—«Confía en Nut y pide a Isis sus alas para que sobre ellas puedas pasar». Miré a las dos paredes recubiertas de escritura, y ahora me fijé en un punto en el que unos agujeros cuadrados, a lo largo de ambas, en hilera, desentonaban lo suyo con el resto. Allí no había ninguna figura, ningún jeroglífico. Aquello era muy extraño…
Me acerqué con mucha cautela y presioné suavemente la pintura que representaba a Isis. Más confiado, apreté, pero no sucedió nada. Noté hasta qué punto tenía sudor en las axilas.
Klug, por su parte, extendió los brazos y las puntas de sus dedos quedaron a escaso centímetros de ambas paredes. Lo observamos sin entender nada.
—Hay que presionar sobre Isis y sobre Geb, dios de la tierra —explicó con actitud enigmática—. Sólo así aparecerían las alas de Isis. Pero yo no llego…
Sin pedir permiso al cardenal y menos al jefe de sus «gorilas», extendí mis brazos y ahora sí, las yemas de todos los dedos tocaron holgadamente ambas figuras. Presioné con fuerza.
De cada agujero salió una barra de bronce, hasta encajar con asombrosa precisión en el de la pared opuesta. Llevaban labradas las alas de Isis. Hubo entre nosotros un silencio glacial, repentinamente roto por el austríaco.
—¡Subid sobre ellas! ¡Rápido! —gritó fuera de sí. Presentaba los mismos ojos que un demente que tiene mal día.

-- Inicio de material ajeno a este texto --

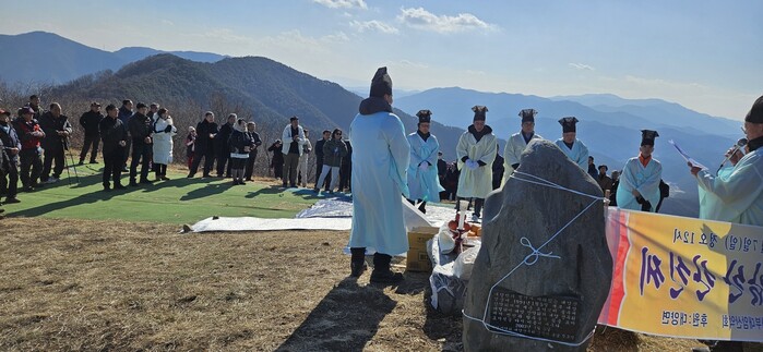 산신제는 대양산우회 변종철 회원의 집례로 초헌관 박창열 대양면장, 아헌관 심화섭 대암산악회장, 종헌관 나상정 합천농협조합장, 대축 추찬식 전 대양면장, 좌집사 심재국, 우집사 정병권 등 산우회원들이 각각 맡아 경건하게 거행됐다.
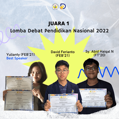 Lomba Debat Pendidikan Nasional 2022 menjadi salah satu ajang perlombaan debat dalam lingkup mahasiswa tingkat nasional yang diselenggarakan oleh Himpunan Mahasiswa Manajemen pendidikan, Universitas Negeri Jakarta (UNJ) melalui rangkaian acara MP EXPO 2022 dengan tema “Mewujudkan Peran Mahasiswa Sebagai Guardian of Value Pendidikan Indonesia”. Kegiatan ini berlangsung secara online melalui media zoom meeting pada tanggal 6,12, dan 13 November 2022 yang diikuti oleh 16 tim dari berbagai perguruan tinggi di Indonesia dengan total peserta sebanyak 48 orang yang menggunakan sistem debat Asian Parliamentary dalam pelaksanaannya. Universitas Tanjungpura turut berkontribusi dalam kegiatan ini dengan mendelegasikan mahasiswa UKM DUTY (Debating Union of Tanjungpura University) yaitu Sy. Abid Haiqal Nazar (FT’20), Yulianty (FEB’21), dan David Ferianto yang kemudian berhasil meraih Juara 1 ‘Kategori Tim” dan Yulianty yang berhasil meraih nominasi ‘Best Speaker’.
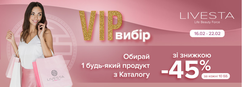 - Пропозиція ДІЄ В РОЗРІЗІ ЗАМОВЛЕННЯ - за кожні 10ББ можна обрати 1 продукт на вибір з каталогу зі знижкою 45%.
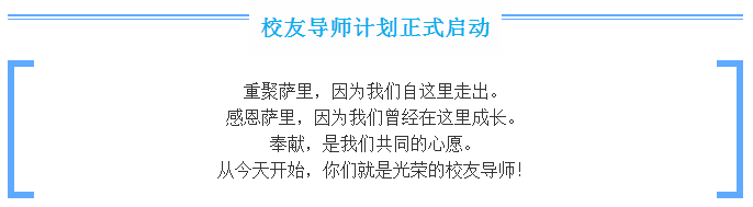 传承是共同的心愿,进取是我们不变的精神。我们欢迎更多校友加入我们的校友导师计划,大家齐心协力,为新一代萨里学子的成长、为萨里精神的发扬光大奉献更多的热枕、智慧和行动!
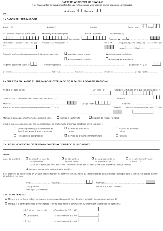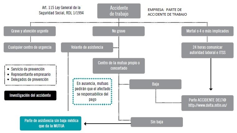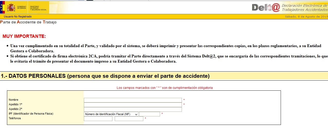 La Orden TAS/2926/2002, de 19 de noviembre establece los modelos para la notificación de los accidentes de trabajo. A partir del 1 de enero de 2004, esta notificación sólo es posible por vía electrónica a través del Sistema de Declaración Electrónica de Accidentes de Trabajo, más conocido como Delt@, accesible desde la web del Ministerio de Empleo y Seguridad Social.

Por si las moscas, Krastiva y yo no le hicimos repetir el angustioso aviso. Tiramos hacia arriba de la pesada humanidad de nuestro histérico compañero. Nosotros subimos con cierta agilidad, y así nos quedamos los tres sobre las gruesas barras talladas, en cuclillas. Esperando acontecimientos…
Olaza y tres de sus hombres ayudaron a subir al instante a monseñor Scarelli. Ellos lo hicieron en un abrir de ojos. Eran atletas en envidiable forma física.
Pero algo angustioso sucedió enseguida, sin dar más margen de tiempo a los que todavía permanecían indecisos, como agarrotados.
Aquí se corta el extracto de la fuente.